Au cœur du Moyen Âge, une simple flûte et quelques gorgées de vin sont à l'origine d'une expression encore utilisée aujourd'hui : 'boire à tire-larigot'. Cette locution évoque une scène de convivialité où la musique et la boisson s’entremêlent.
Olivier Basselin et les chansons de taverne
Vers 1460, à Vire en Normandie, Olivier Basselin, foulon de métier, mène une double vie. Le jour, il travaille le drap, mais dès la tombée de la nuit, il trouve refuge dans les tavernes où il compose des chansons populaires, connues sous le nom de Vaux-de-Vire, ancêtres des vaudevilles. Ses mélodies, chantées de vive voix, abordent des thèmes universels comme le vin, les femmes et la moquerie, parfaits compagnons pour les soirées animées. C’est dans cette atmosphère festive que l’expression 'boire à tire-larigot' prend tout son sens.

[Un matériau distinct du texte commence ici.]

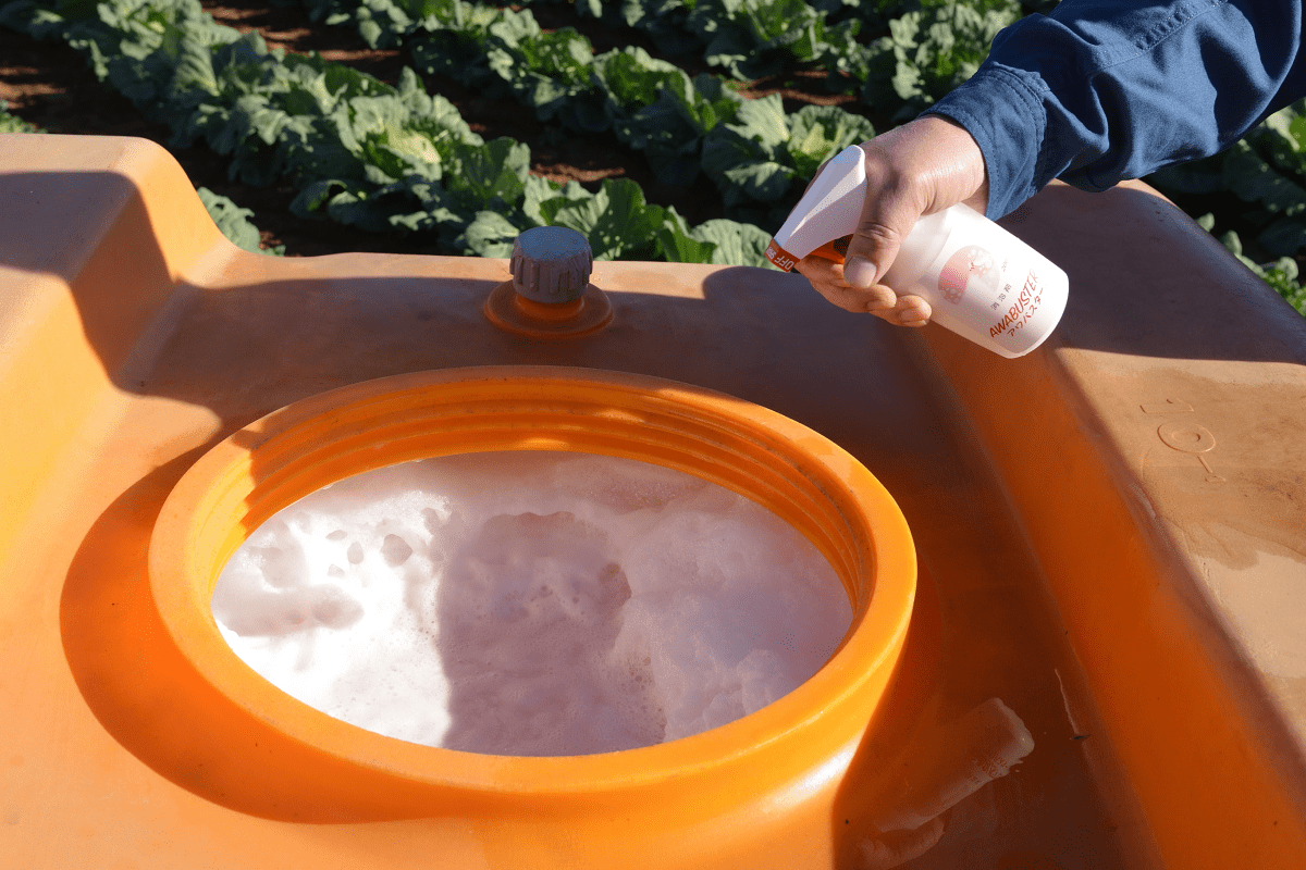 除草剤は原液を先にタンクに入れて、後から水を入れるので泡がモコモコに。アワバスターを使うと一瞬で泡が消えました!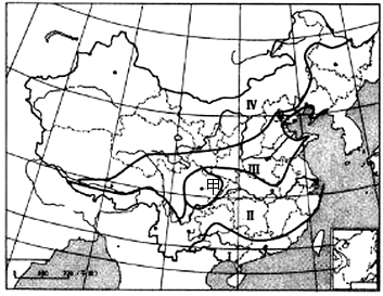 2、单选题 读“我国大陆性气候和海洋性气候”分布图,图中Ⅰ为海洋性气候区,Ⅱ为海洋性过渡气候区,Ⅲ为大陆性过渡气候区,Ⅳ为大陆性气候区。回答下列小题。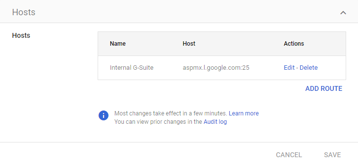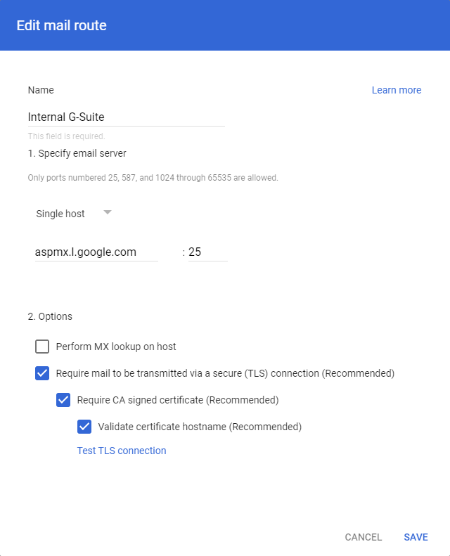 Internal G-Suite, for Single host, enteraspmx.l.google.comand port25(SMTP). -
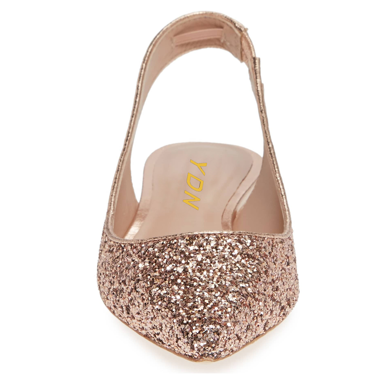 Special Designs: Rose gold comfortable slingback flat pumps with slip-on convenience and glittery touch.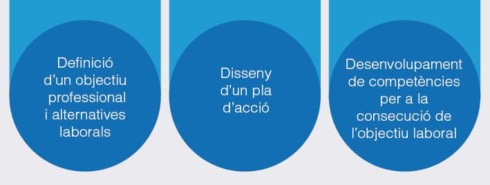 El desenvolupament competencial implica entrenar, adquirir i afermar competències associades als tres elements clau dels projectes professionals (vegeu la figura) i que s’han de contemplar als itineraris personals d’inserció.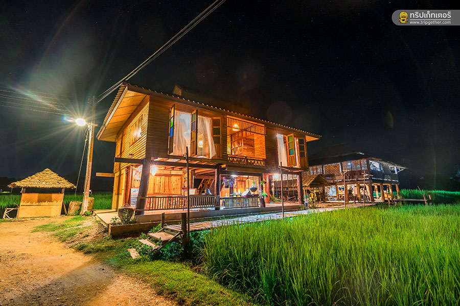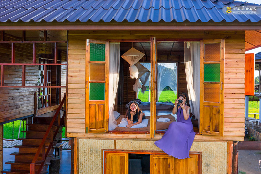 นั่งชมวิวทุ่งนากันจนเพลิน ก็ถึงเวลาเดินทางเข้าที่พักของเราในคืนนี้กันที่ “โรงเรียนชาวนาบ้านศิลาเพชร โฮมสเตย์“ ที่พักกลางทุ่งนาบรรยากาศสบายตา โอบล้อมไปด้วยสีเขียวที่สดชื่นรอบด้านที่ไม่ว่าจะมองไปทางไหนก็รู้สึกสบายใจอย่างบอกไม่ถูก โรงเรียนชาวนาบ้านศิลาเพชร โฮมสเตย์ โทร. 089 999 7737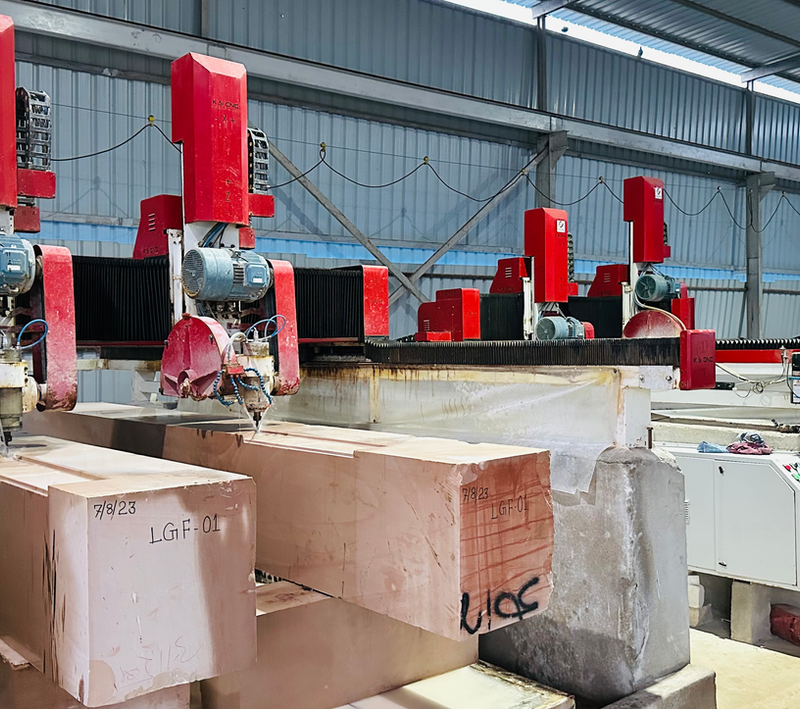Gang saws with diamond-tipped blades slice through solid rock. CNC machines trim each slab to exact specifications. Tolerance: ±1mm.

Une origine entre cloche et flûte
Longtemps, on a pensé que cette expression provenait de la cathédrale de Rouen et de sa fameuse cloche la Rigaud, dont le poids de 10 tonnes exigeait un effort de taille. Selon la tradition, les hommes qui tiraient la cloche auraient eu recours au vin pour se donner du courage. Cependant, plusieurs linguistes, tels que ceux évoqués par l'Université de Caen, penchent pour une interprétation différente. Le 'larigot' désigne une petite flûte médiévale, et 'tirer' peut également signifier puiser du vin au fût. Dans l'argot populaire, 'flûter' signifie boire. Ainsi, l'image d'une consommation continue, semblable à la manière dont un musicien joue, se dessine naturellement.